Based on the 3DPC’s interest in DED, a number of suppliers were visited on the tour including AddUp, DM3D, FormAlloy, Niedec Machine Tool, and RPM Innovations. The 3DPC was primarily interested in understanding these companies’ capabilities for their laser blown powder DED (LBP-DED) equipment as this technology offers considerably higher part resolution as compared to wire-based DED. Similar to cold spray and friction stir welding, LBP-DED can be used as a repair (i.e. component feature rebuilding) process or as a new component forming process. Recent developments with LBP-DED relative to the fabrication of large-scale rocket nozzles and member experience regarding the advancement/improvement of deposition accuracy and surface finish drove the 3DPC’s interest in this technology. Tour observations confirmed many of the committee members’ understandings and assumptions relative to LBP-DED, most notably that it represents, currently, the best option for AM-based large gear repair due to it being available for numerous suppliers as well as being a generally established technology, and having attractive deposition rates and accuracy (minimizing post-machining requirements). A current drawback is that there are not many steel material options that are “developed” for LBP-DED, but there are some (maraging steels/tools steels) as well as a number of hardenable stainless steels. FormAlloy even offers a custom new material development print head specifically designed for rapid, new parameter development. Thus, the 3DPC would encourage large gear users and gear manufacturers to investigate LBP-DED as a potential technology to support their repair/replacement/refurbishment needs.

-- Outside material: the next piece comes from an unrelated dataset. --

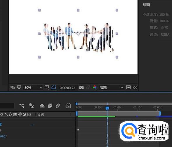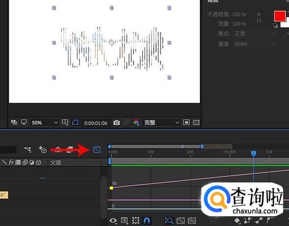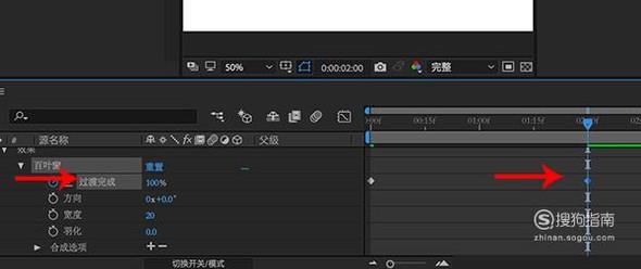 接着在终点的位置将“过渡完成”设置为100%,再次打上一个关键帧。

As-printed/heat treated image (left) and after REM Surface Engineering’s Extreme ISF® Process image (right) of a LBP-DED rocket nozzle Courtesy: NASA MSFC)

Additional technologies

Lastly, the tour visited three AM suppliers not directly related to primarily part-forming operations: Hoganas, Questek Innovations, and REM Surface Engineering — all members of the 3DPC. Hoganas is a well-known leader in metal powder production. They shared information with the 3DPC about their steel materials with potential applicability to gear applications such as 16MnCr5. Questek Innovations is a leading materials design company that uses an integrated computational materials engineering (ICME) approach to designing alloys for specific applications in the aerospace and energy industries (to name a few). Questek shared information about projects they are leading to qualify some of their Ferrium materials for L-PBF and binder jet gear applications. Lastly, REM Surface Engineering is a leading surface finishing supplier whose ISF® Process is widely used in precision gear applications and Extreme ISF® Process is a leading performance-enhancing AM surface polishing solution for rocket engine, aerospace, medical, and semi-conductor fabrication applications. REM shared updates regarding their new alloy processing and process scaling developments as well as current work on government awards including AM support structure removal and internal channel finishing. These three suppliers are currently and are expected to continue supporting and enabling the application of AM to gear applications in the near future.

In conclusion, the 3DPC observed significant advancements and maturation of the metal AM industry. While it is certainly an industry still in need of industrialization relative to process control, repeatability, and costs, there are two defined avenues (large format gear repair/replacement and low criticality/small-sized gear production) whereby AM is ready to support gear manufacturing today.